I'm going to whip out my crystal ball and tell you what I see. It's a little dusty -- I got it at an Elaine Garzarelli garage sale -- but give it a chance.
Sirius Satellite Radio
Alas, the scapegoat's wearing an engagement ring. XM and Sirius can point to the late-February merger announcement in an attempt to explain away their quarterly shortcomings. They can tell us:
- Consumers are confused.
- The public doesn't understand that a merger won't make today's receivers obsolete, yet people have held out from buying anyway.
- There is no perceived rush to subscribe until content-sharing deals are announced.
Analysts will buy the excuses, at first. Then one sharp analyst will ask the question that will sink both ships. Mel? Hugh -- I mean, Gary? How were subscriber additions trending during the first seven weeks of the quarter, before the merger was announced?
That's when things will get tense. Palms will grow sweat-slicked. They'll give the "operator, cut the lines" distress signal. It won't work, and then they'll fess up that the weakness that began toward the end of the fourth quarter has only gotten worse after the holidays.

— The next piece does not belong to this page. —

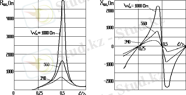 2-сурет. Симметриялы вибратордың кіріскедергісінің активті және раективті құраушыларының толқынды кедергісінің әртүрлі
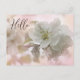 Ett vykort med ett foto med ett äpple träd gren som visar sina vackra vita äppelblommar.

They may still be able to spin the initial weakness as a positive, like a sharp job applicant overcoming a troublesome resume:
- This is why we have to get married!
- A regulatory-backed union will save us all!
- Baba Booey, Baba Booey, Baba Booey!
But what happens if the deal doesn't go through? What if these two companies are more broken than we think?
Obfuscation by addition
I was being interviewed by Sam Litzinger for Washington Post Radio yesterday -- talking about Don Imus and satellite radio -- when Sam mentioned that everyone that he knows at XM is assuming that the merger will be approved.
I understand the need to forge ahead, at least publicly, as if the combination will be approved. But there has to be a Plan B. How can there not? If this whole thing winds up being a parade to nowhere -- and that's a real possibility, given the tough time the companies have had at congressional hearings -- what happens next? Will this have all been a costly distraction? Will both companies be even weaker in the aftermath?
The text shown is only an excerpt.